OP10: Engineering Higher-Order Test Generation


Let us start with a discussion on what kind of functions should be concretized. One large class of such functions are the functions/machine instructions which are out of scope of our theorem prover. For example, floating point functions like log, exp, sqrt. As these are rather easy to identify, we will skip this discussion and rather elaborate on functions which can be fully expressed in the theorem prover, but for which it is a good idea to abstract them. We believe there are two major categories of such functions: a) functions with very complex expressions (i.e. hash functions) b) functions with too many paths (functions containing unbounded loops and/or complex logic). In both these cases, it is theoretically possible to use symbolic execution, however it is impractical because of the analysis time. Our suggestion is to use a combination of the following techniques to decide whether the functions are too complex and thus should be concretized: 

For detecting complex expressions, we provide the following heuristics: 1. solver timeouts. Each time a solver takes too much time, we will decide if the current function seems to be the culprit and we will mark it as a candidate for concretization. We will use statistical methods for outlier detection (a simple threshold will not work as it will start cutting off all long paths). In case our engine is EXE-like, we can track solver time for prefixes of each path and just see when the complexity starts to grow more rapidly. In case of DART-style symbex, our proposal is to fire parallel solver queries at function boundaries if the original query takes too much time. 2. static analysis of code. One of the ideas here is to capture different features from source code expressions (number of multiplications, size of expressions, mixing of variables, etc.) and try to use machine learning to recognize hard-to-solve patterns. We will collect samples from real code, run the solver on time and learn the expected time. Another alternative is to take an SMT solver, feed the expressions to it and get the size of the problem passed to an underlying SAT. The intuition here is that SMT solvers try to optimize SAT queries as much as possible before sending them to the SAT solver and thus the size passed to the SAT solver is a good estimate of hardness. 

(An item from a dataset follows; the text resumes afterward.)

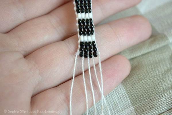 9. Чередуем цвета бисеринок в зависимости от узора.

For path-exploding functions we suggest to calculate function summaries first. If during the summary generation we observe too many paths with different outcomes, the function is a good candidate. In practice, a single threshold will not work and we suggest to use thresholds dependent on the nesting level of functions. 

The second part of the OP asks for capturing all input-output pairs, but that is clearly infeasible. Thus, we suggest sampling the function. One simple way is to sample random inputs and corresponding outputs. A more clever way is to determine all paths up to some depth and then sample independently on each path. Sampling on a path corresponds to solving the path constraint combined with constraints to force new solutions. As the solutions can be heavily influenced by the SMT solver, we may moreover try to fix a few random bits of the input/output to obtain a more uniform distribution. 

To summarize, we believe that function concretization is beneficial for functions creating too much complexity by creating either complex expressions or too many paths. For both of these cases we provide suitable techniques, which can be applied to perform an almost fully-automatic analysis.